Help! I want to be a palaeontologist. What subjects should I do in school?

In the first instance, study Science at Junior Cert level. Then, study at least one science subject at Leaving Cert level. It doesn’t matter which one, as you only need one science subject to access most science degree programmes at third level. Biology is a good choice, and chemistry is useful too. Geography can help, as the Leaving Certificate curriculum includes 25% geology, so it’s a nice introduction to the rock record. However it is not essential to do all of these subjects for Leaving Cert, as all university courses will assume no prior knowledge. In first year you start from scratch, typically covering the Leaving Cert content plus a little more.

What about university? Do I need to go abroad?
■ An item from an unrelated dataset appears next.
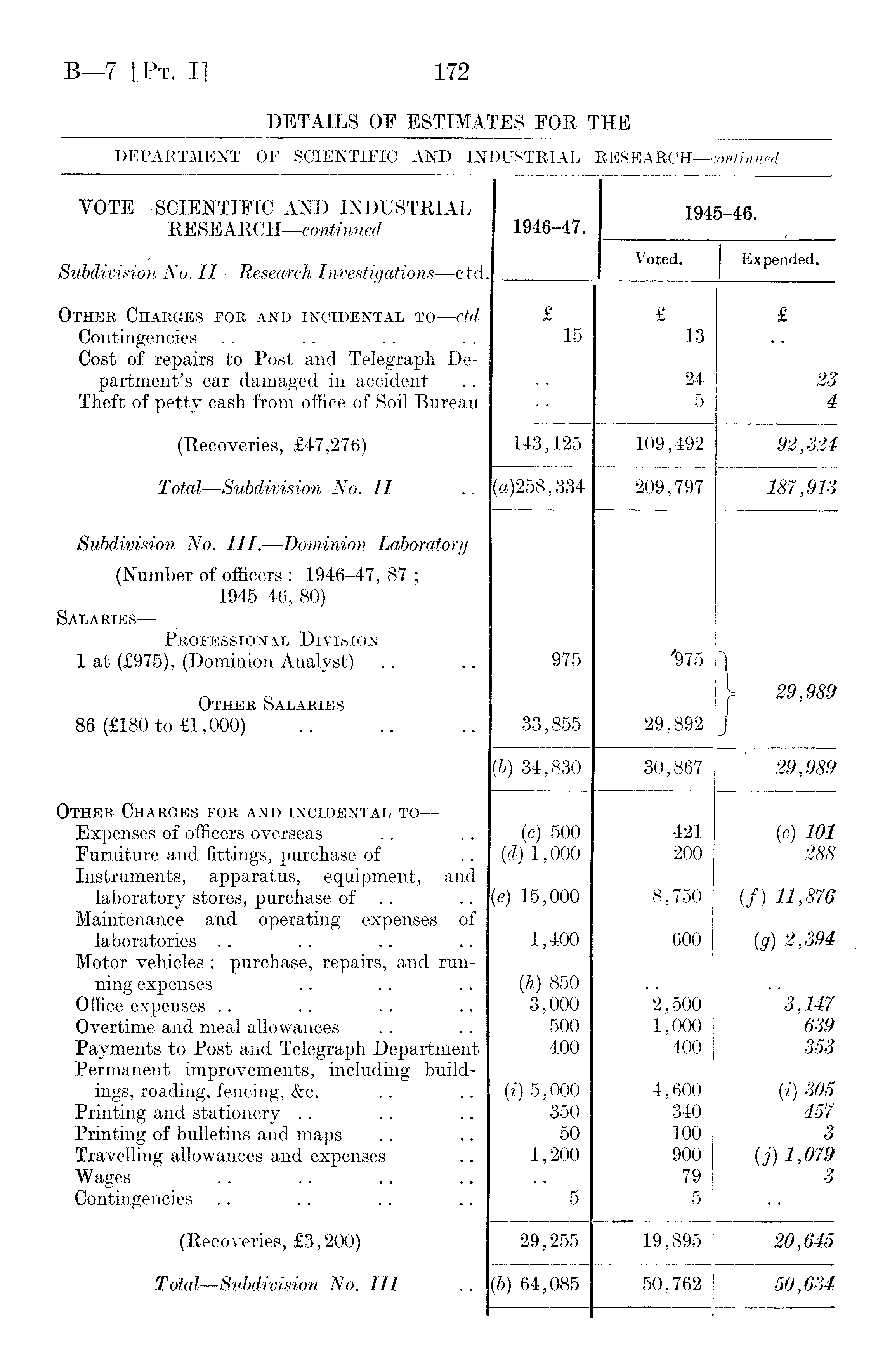 VOTE—SCIENTIFIC AND INDUSTRIAL RESEARCH —continued 1946-47. 1945-46. Subdivision No. II —Research Investigations—ctd. Voted. Expended. Other Charges for and incidental to —ctd Contingencies Cost of repairs to Post and Telegraph. Department's car damaged in accident Theft of petty cash from office of Soil Bureau £ 15 £ 13 24 5 £ 23 4 (Recoveries, £47,276) 143,125 109,492 92,324 Total —Subdivision No. II (a)258,334 209,797 187,913 Subdivision No. Ill:—Dominion Laboratory (Number of officers : 1946-47, 87 ; 1945-46, 80) Salaries — Professional Division 1 at (£975), (Dominion Analyst) 975 '975 1 L / Other Salaries 86 (£180 to £1,000) 33,855 29,892 29,989 (6) 34,830 30,867 29,989 Other Charges for and incidental to — Expenses of officers overseas Furniture and fittings, purchase of Instruments, apparatus, equipment, and laboratory stores, purchase of .. Maintenance and operating expenses of laboratories Motor vehicles : purchase, repairs, and running expenses Office expenses Overtime and meal allowances Payments to Post and Telegraph Department Permanent improvements, including buildings, roading, fencing, &c. Printing and stationery Printing of bulletins and maps Travelling allowances and expenses Wages Contingencies (c) 500 (d) 1,000 (e) 15,000 1,400 (ft) 850 3,000 500 400 (i) 5,000 350 50 1,200 5 421 200 8,750 600 2,500 1,000 400 4,600 340 100 900 79 5 (c) 101 288 (/) U,876 (9)2,394 3,147 639 353 (i) 305 457 3 (j) 1,079 3 (Recoveries, £3,200) 29,255 19,895 20,645 Total—Subdivision No. Ill (6) 64,085 50,762 50,634

Not at all. Many Irish universities offer degree programmes that include palaeontology. Most palaeontologists have a primary degree in geology, earth science, or zoology. Some palaeontologists, though, have degrees in chemistry or geography, so there are many paths. A geology degree gives you a really good understanding of the history of our planet and the processes that shape it, plus a good grasp of deep time (millions and billions of years!). As a palaeontologist with a geology degree, you will find it easy to look at the rocks and work out the habitats that ancient organisms lived in, to think about evolution in terms of millions of years, and to recognise how the fossilization process might have affected how the fossil looks today. As a palaeontologist with a zoology degree, you will have a good appreciation of animal biology, ecology, behaviour, evolution at the level of genomes, populations and species. There’s no right or wrong way to become a palaeontologist, but in general you will study more palaeontology in a geology degree.

How much palaeontology will I study in my degree?

Here at UCC you can study palaeontology in every year of your CK404 degree. In first year everyone who selects CK404 on their CAO form does the same subjects. From September 2021, we are putting in place a new degree structure that makes it easier to choose a palaeontology path – you will be able to do a geoscience degree with a strong palaeontology “flavour”!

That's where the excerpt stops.